La genericità del motivo deriva dal fatto che l’articolazione dello stesso non pare confrontarsi con specifici passaggi argomentativi della sentenza impugnata che, sia in punto recidiva sia in punto circostanze attenuanti generiche ha considerato la presenza di “numerosi precedenti definitivi anche a carattere specifico (…) cinque furti, (…) rapina, possesso ingiustificato di arnesi da scasso (due volte), resistenza a pubblico ufficiale, porto d’arma” e il fatto che “le certificazione dei carichi pendenti attestano pendenze per altri reati contro il patrimonio (…) deferito in data 9/6/17 per percosse e minacce, sottoposto successivamente alla misura dell’allontanamento dalla casa familiare, deferito in data 4/11/17 per il reato di cui all’art. 707 c.p..
In data 26/1/18 per minacce, lesioni aggravate, atti persecutori, in data 16/3/18 per furto aggravato e in data 22/4/18 peraltro furto”.
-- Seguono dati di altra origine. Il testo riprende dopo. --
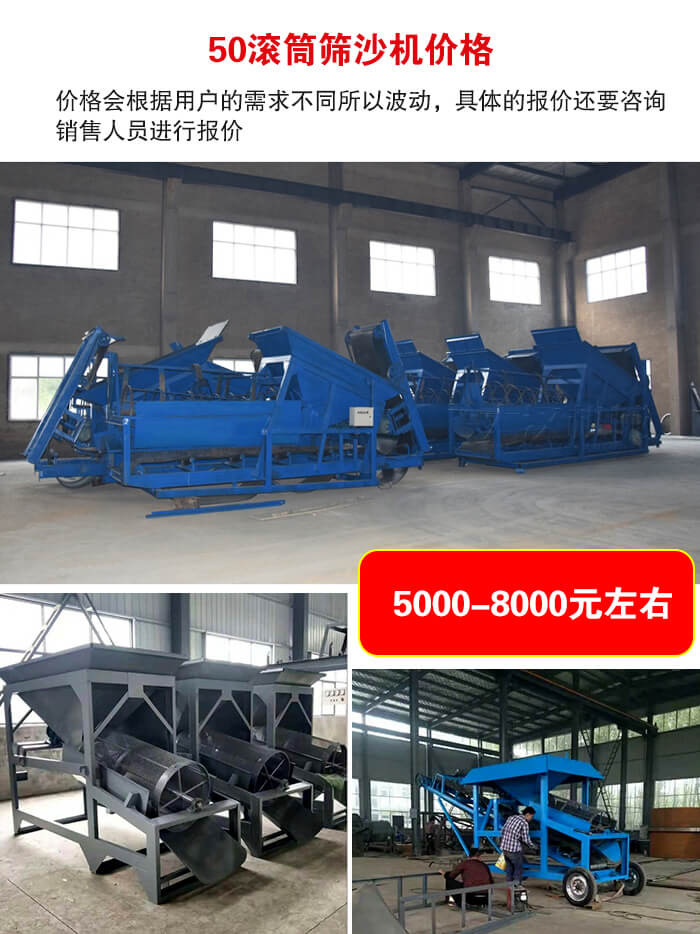 1,50滾筒篩沙機可進行定制改造服務(wù)例如:配有給料機,皮帶輸送機等設(shè)備,所以價格會根據(jù)用戶的需求不同所以波動,具體的報價還要咨詢銷售人員進行報價。

Alla luce di tali affermazioni risulta corretta l’affermazione di una dimostrata indifferenza dell’imputato alle decisioni dell’autorità giudiziaria e la proclività dello stesso alla violazione della legge penale a riprova di una accentuata capacità criminale. Le stesse considerazioni, unitamente a quelle attinenti alla gravità della condotta e al grado di violenza esercitato, legittimamente fondano il rigetto delle circostanze attenuanti generiche in presenza di una allarmante valutazione della personalità dell’imputato e in difetto di elementi valutabili a favore.
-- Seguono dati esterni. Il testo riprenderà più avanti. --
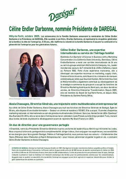 Les actionnaires de la Famille Darbonne annoncent la nomination de Céline Endler Darbonne à la présidence de Darégal. Elle succède à son frère, Charles Darbonne, et représente la cinquième génération de la famille à la tête de l’entreprise. À 50 ans, elle réaffirme la volonté de la famille Darbonne d’assurer la continuité et la pérennité de l’entreprise pour les générations futures.
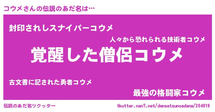 | 男性向けラノベタイトル風あだ名 | 『コウメの嫁は女の子じゃないと思った?』 |
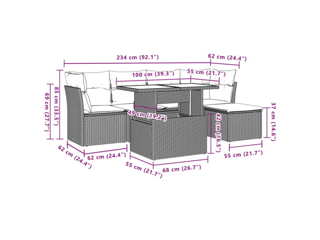 Tato zahradní sedací souprava je dokonalým doplňkem vaší zahrady, terasy nebo dvorku a poskytne vám pohodlné a příjemné místo, kde si můžete povídat s rodinou a přáteli nebo jen tak odpočívat a užívat si pobyt venku.

6. Alle suesposte considerazioni consegue la dichiarazione di inammissibilità del ricorso e, per il disposto dell’art. 616 c.p.p., la condanna del ricorrente al pagamento delle spese processuali nonché al versamento in favore della Cassa delle Ammende di una somma che, ritenuti e valutati i profili di colpa emergenti dal ricorso, si determina equitativamente in Euro 2000,00.
6.1. Non vi è luogo a provvedere sulla richiesta di liquidazione dei compensi in conseguenza della ammissione al patrocinio a spese dello stato sia in conseguenza della dichiarata inammissibilità dell’impugnazione (D.P.R. 30 maggio 2002, n. 115, art. 106) sia perché è inammissibile l’istanza di ammissione al patrocinio a spese dello Stato presentata davanti alla Corte di cassazione, atteso che il D.P.R. 30 maggio 2002, n. 115, artt. 93 e 96 riservano ai giudici di merito la competenza a provvedere (Sez. 5 -, Sentenza n. 3538 del 17/12/2018 – dep. 24/01/2019 – Rv. 275413 – 01).
P.Q.M.
Dichiara inammissibile il ricorso e condanna il ricorrente al pagamento delle spese processuali e della somma di Euro duemila in favore della Cassa delle ammende.